Prince Charles discusses climate change with pope at VaticanBy Frances Demilio, Gaea News Network
Monday, April 27, 2009
Prince Charles discusses environment with pope
VATICAN CITY — Pope Benedict XVI and Prince Charles discussed their mutual concern for the environment as the heir to the British throne brought his campaign to fight climate change to the Vatican on Monday.
Charles, accompanied by his wife, Camilla, looked relaxed but the Duchess of Cornwall appeared less so in a private meeting in the pope’s private library. The couple sat across a wooden table from Benedict for the 15-minute conversation in English.
It was Charles’ first visit with the pontiff since Benedict was elected pope in 2005. The prince and his late wife Diana had met with John Paul II, whom Benedict succeeded.
Charles and Camilla postponed their wedding by a day in 2005 so he could attend John Paul’s funeral in St. Peter’s Square.
“He was a wonderful man,” Charles told the pope as he left the library. “We miss him terribly.”
Both Charles and Benedict have made several appeals in recent years on the need to protect the environment.
“The cordial discussions provided an opportunity for an exchange of views on certain questions of mutual interest, including the human promotion and development of peoples, environment protection and the importance of intercultural and interreligious dialogue for furthering peace and justice in the world,” Vatican spokesman the Rev. Federico Lombardi told reporters after the talks.
“The pope often speaks of responsibility for the environment,” Lombardi told reporters. Last year, the Vatican installed solar panels on the roof of its main audience hall to save energy.
Charles has campaigned from Latin America to Asia as well as Western Europe to encourage efforts to battle climate change.
The Vatican statement on the meeting did not elaborate on “interreligious” dialogue.
But Britain, with its Anglican royals, seems to be entertaining moves to reach out to Roman Catholics.

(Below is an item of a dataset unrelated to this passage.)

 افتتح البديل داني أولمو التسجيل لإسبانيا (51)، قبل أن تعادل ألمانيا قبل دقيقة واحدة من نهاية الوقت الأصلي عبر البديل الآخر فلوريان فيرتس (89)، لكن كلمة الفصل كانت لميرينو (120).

Prime Minister Gordon Brown’s government recently said British monarchs should be allowed to marry Catholics, endorsing the lifting of a ban on Catholic royals.
Just before meeting with Benedict, Charles, in a speech to a select audience in a hall in the Chamber of Deputies, said that our “grandchildren will never forgive us” if the efforts to save the environment failed.

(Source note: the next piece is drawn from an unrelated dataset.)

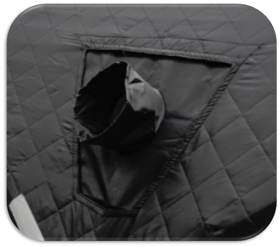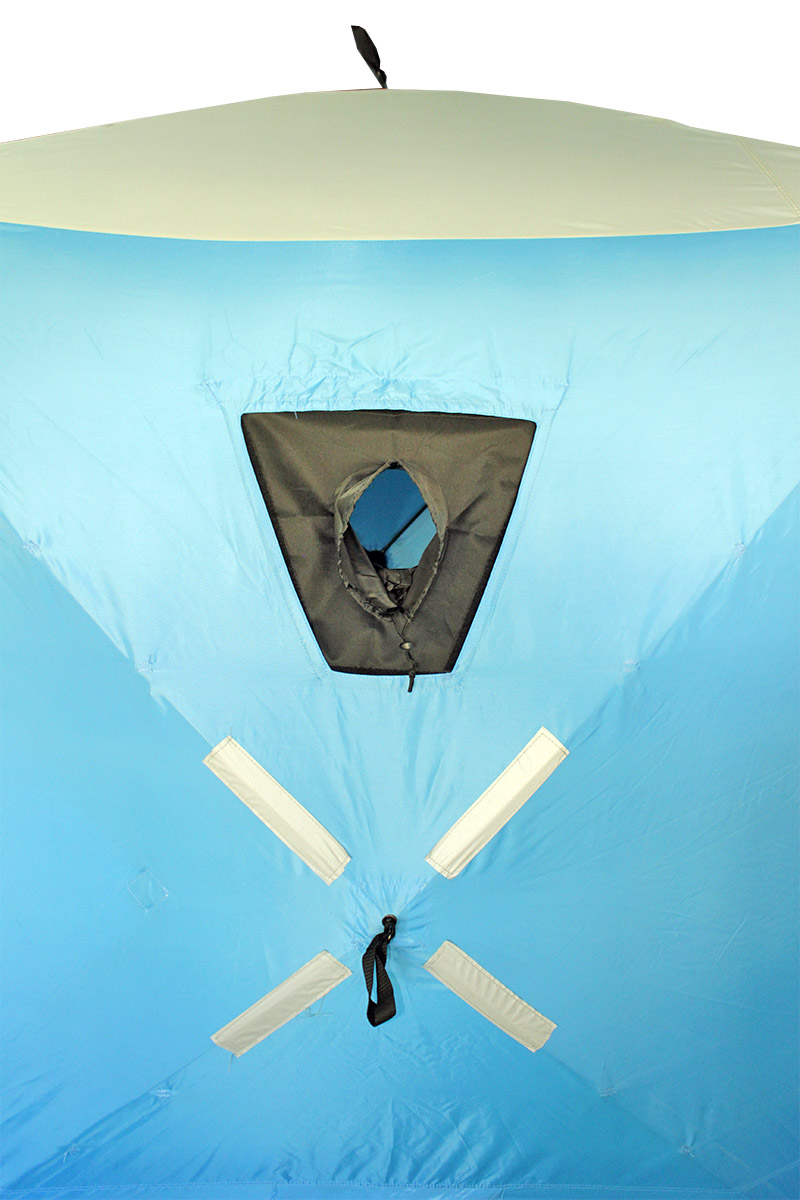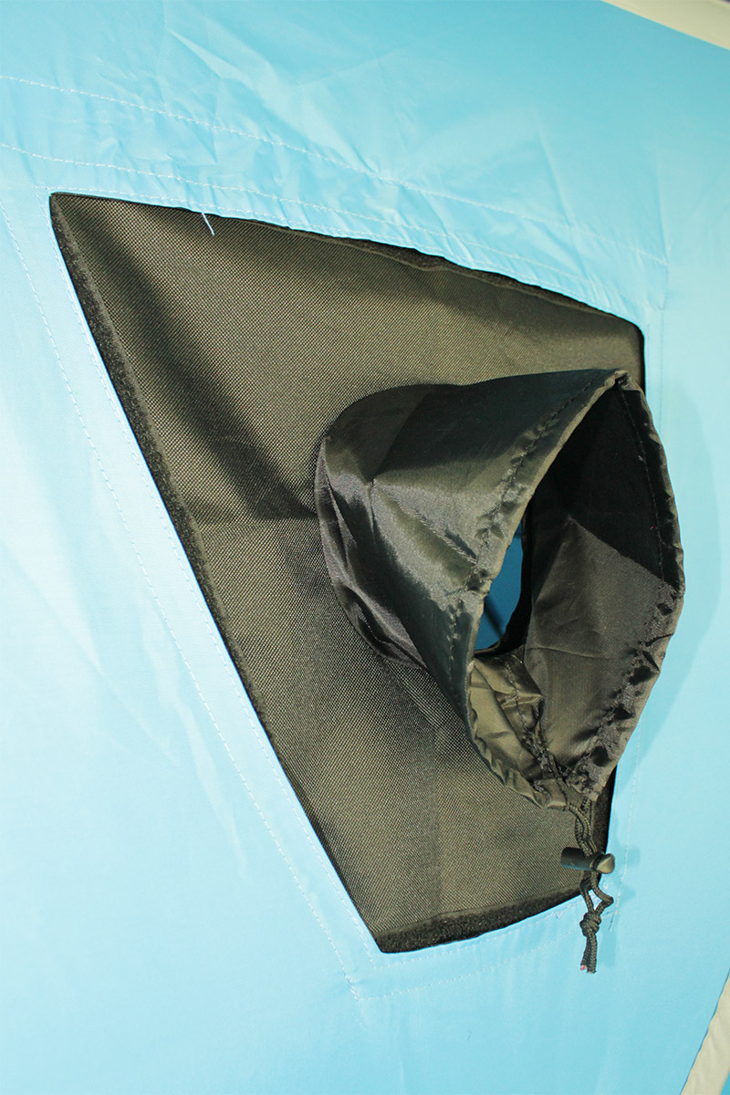 Окно из плотной ткани Oxford 600D для зимних палаток WOODLAND. Имеет регулируемый клапан с утяжкой, предназначенный для вывода вытяжной трубы из палатки. Труба должна быть изолирована, ткань не огнеупорная.

For the Vatican appointment, Charles wore a double-breasted, dark blue suit with black tie and polka-dot pocket handkerchief. Camilla wore all black except for a pearl necklace: black silk dress, stockings, pumps and lace veil. Benedict wore simple white robes.
Charles gave the pope 12 ceramic dessert plates with hand-painted flowers from his estate at Highgrove, saying he hoped they would be “of use” to Benedict. The couple also gave Benedict a signed photo of themselves.
Benedict gave the standard gift of medals of his pontificate and an etching of St. Peter’s Basilica. Charles thanked him, saying: “I am most touched.”
In his appearance in the Chamber of Deputies, the home of Italy’s lower legislative chamber, Charles appealed to Italy to use its leadership of the Group of Eight nations to fight climate change. Italy will host the annual G-8 summit of leading industrialized nations this July.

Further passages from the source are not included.